В истории финской литературы XX века за Эйно Лейно (Эйно Печальным) прочно закрепилась слава первого поэта. Однако творчество Лейно вышло за пределы одной страны, перестав быть только национальным достоянием. Литературное наследие «великого художника слова», как называл Лейно Максим Горький, в значительной мере обогатило европейскую духовную культуру. И хотя со дня рождения Эйно Лейно минуло почти 130 лет, лучшие его стихотворения по-прежнему живут, и финский язык звучит в них прекрасной мелодией. Настоящее издание впервые знакомит читателей с творчеством финского писателя в столь полном объеме, в книгу включены как его поэтические, так и прозаические произведения.


Фунес, чудо памяти

Иренео Фунес помнил все. Обретя эту способность в 19 лет, благодаря серьезной травме, приведшей к параличу, он мог воссоздать в памяти любой прожитый им день. Мир Фунеса был невыносимо четким…


Убийца роз

В книге рассказывается история главного героя, который сталкивается с различными проблемами и препятствиями на протяжении всего своего путешествия. По пути он встречает множество второстепенных персонажей, которые играют важные роли в истории. Благодаря опыту главного героя книга исследует такие темы, как любовь, потеря, надежда и стойкость. По мере того, как главный герой преодолевает свои трудности, он усваивает ценные уроки жизни и растет как личность.
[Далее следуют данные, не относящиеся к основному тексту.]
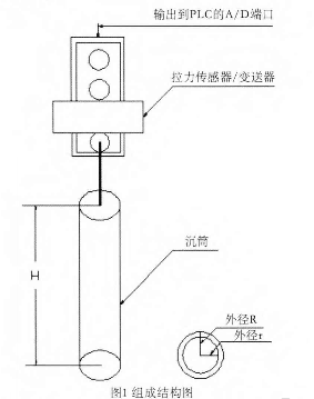 沉筒式液位計主要由拉力傳感器、變送器及沉筒組成,拉力傳感器內部貼有電阻應變片,通過信號線將變送器輸出的標準電流信號送到PLC的A/D輸入端口,用以進行數據處理和遠程控制。沉筒由上下兩端封閉的空心材料制成,并懸掛在拉力傳感器的受力端,其余部分投入到儲料罐中,拉力傳感器用法蘭盤或自帶螺紋固定在儲料罐的上方,結構如圖1所示。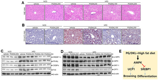 eWAT expansion is known to cause ectopic fat accumulation in the liver. Thus, morphological investigations were done to assess the impact of PG/DKL on liver tissue. Histopathological analysis of the liver tissues indicated that PG/DKL supplementation substantially reduced the size and number of lipid droplets in liver tissues of HFD-induced obese mice (Figure 7A,B). Moreover, SREBP-1, C/EBPα, PPARγ, and FAS protein expressions were significantly higher in HFD mice than in the NCD group. However, supplementation with PG/DKL decreased the expression of these proteins that regulate fatty acid biosynthesis (Figure 7C). Additionally, p-AMPK and SIRT1 expressions were reduced in the HFD mice compared to in the NCD mice. However, PG/DKL reversed the effect by increasing expressions of p-AMPK and SIRT1 (Figure 7D), suggesting enhanced lipolysis, fatty acid oxidation, and mitochondrial biogenesis. In this study, there was no difference in hepatic lipogenesis parameters, including SREBP-1c, PPARγ, C/EBPα, and FAS and metabolic reprogramming genes, including p-AMPK, SIRT1 and CPT1 at the highest dose, 200 mg/kg of PG/DKL-administered NCD feeding mice compared with NCD-control mice (Figure 7).

Том 11. Благонамеренные речи

Настоящее Собрание сочинений и писем Салтыкова-Щедрина, в котором критически использованы опыт и материалы предыдущего издания, осуществляется с учетом новейших достижений советского щедриноведения. Собрание является наиболее полным из всех существующих и включает в себя все известные в настоящее время произведения писателя, как законченные, так и незавершенные.«Благонамеренные речи» формировались поначалу как публицистический, журнальный цикл. Этим объясняется как динамичность, оперативность отклика на те глубинные сдвиги и изменения, которые имели место в российской действительности конца 60-х — середины 70-х годов, так и широта жизненных наблюдений.